Het dorp, deel 24

24. Zomer en winter, dag en nacht
Er zijn steden die altijd leven, dag en nacht. Maar er zijn ook steden of dorpen die dat nooit doen. In mijn dorp ligt het allemaal net wat genuanceerder.
In een dorp wonen en aldaar geen nachtleven hebben is heel normaal, dat verwacht je ook niet. Maar sommige dorpen zijn wel altijd rustig, zomer en winter, dag en nacht. Daar kunnen kinderen zomaar op straat spelen, tenminste als ze niet op de tablet spelletjes aan het spelen zijn. Mijn dorp heeft weer een ander ritme.
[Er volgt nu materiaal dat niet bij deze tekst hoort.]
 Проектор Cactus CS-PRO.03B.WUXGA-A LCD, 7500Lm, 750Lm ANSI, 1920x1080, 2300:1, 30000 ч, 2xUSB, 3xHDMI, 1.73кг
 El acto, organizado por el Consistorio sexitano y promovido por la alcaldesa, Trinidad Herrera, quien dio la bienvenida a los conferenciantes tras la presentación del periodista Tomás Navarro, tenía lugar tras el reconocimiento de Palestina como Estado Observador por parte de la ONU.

In mijn dorp kan je in de wintermaanden een schot hagel afvuren of desnoods een kanon – die er ook meerdere staan in mijn dorp – en dan raak je helemaal niemand. Daarentegen wordt menig inwoner in de zomermaanden zowat omvergereden door fietsers. Zwaarbepakte fietsers met pet en korte broek, bij voorkeur een grote ruit, die ogenschijnlijk lange fietsritten aan het maken zijn. Verder veel fietsers met elektrische hulpmotor, man en vrouw idem gekleed én met helm, die gezellig ‘een rondje rijden’. En dan hebben we mogelijk ook nog een nieuwe trend te pakken, namelijk de tandem. Ook wel duofiets genoemd. Ik zie de mensen die op de tandem aan het toeren zijn en door mijn dorp rijden, steeds vaker. Spreekt voor zich alleen in de zonnige maanden, want je gaat bij voorkeur luchtig gekleed op de tandem.
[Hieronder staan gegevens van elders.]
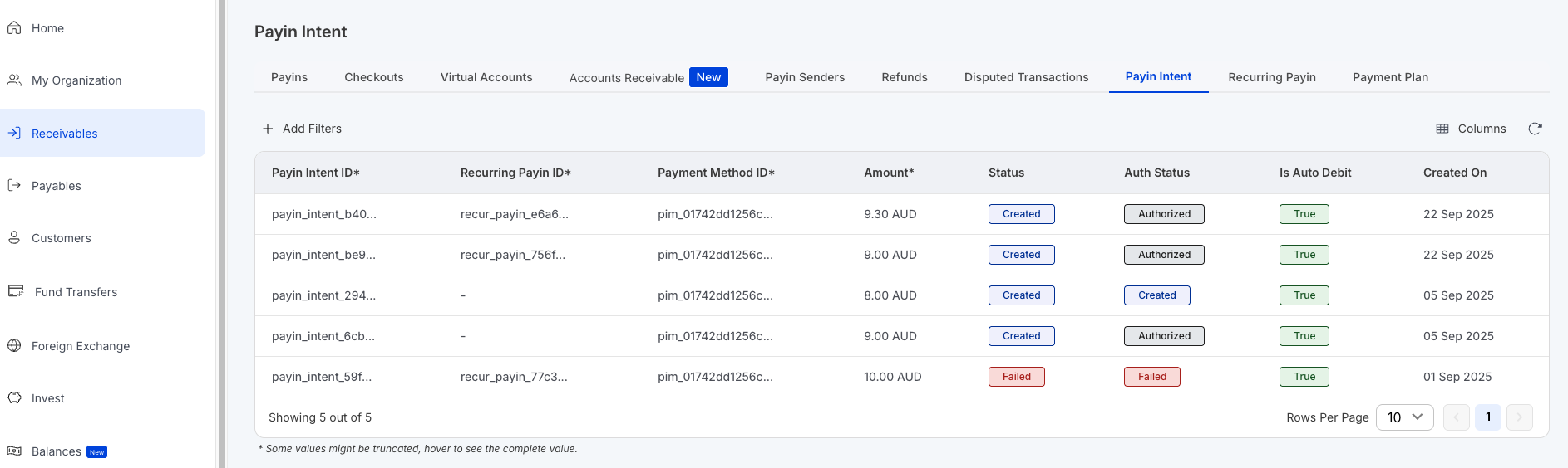 To view all the payin intents, navigate to Receivables → Payin Intents

Als ik in de tuin bezig ben overkomt het me nogal eens dat fietsers naar een gezellig koffiepunt vragen. Een die er wel komt, maar nog niet open is. Tenminste, als je koffie in een friettent niet als ijkpunt neemt. Een friettent hebben we namelijk wel, maar dat heeft volgens mij zowat ieder dorp. Wij hebben dan wel weer een vreemde friettent, want die is voor sluitingstijd van de supermarkt al dicht. Vraag me niet waarom …
Hoe dan ook, mijn dorp heeft geen nachtleven maar maakt wel onderdeel uit van een fietsroute en dat is in de warmere maanden zomaar een bezienswaardigheid én brengt reuring in het dorp.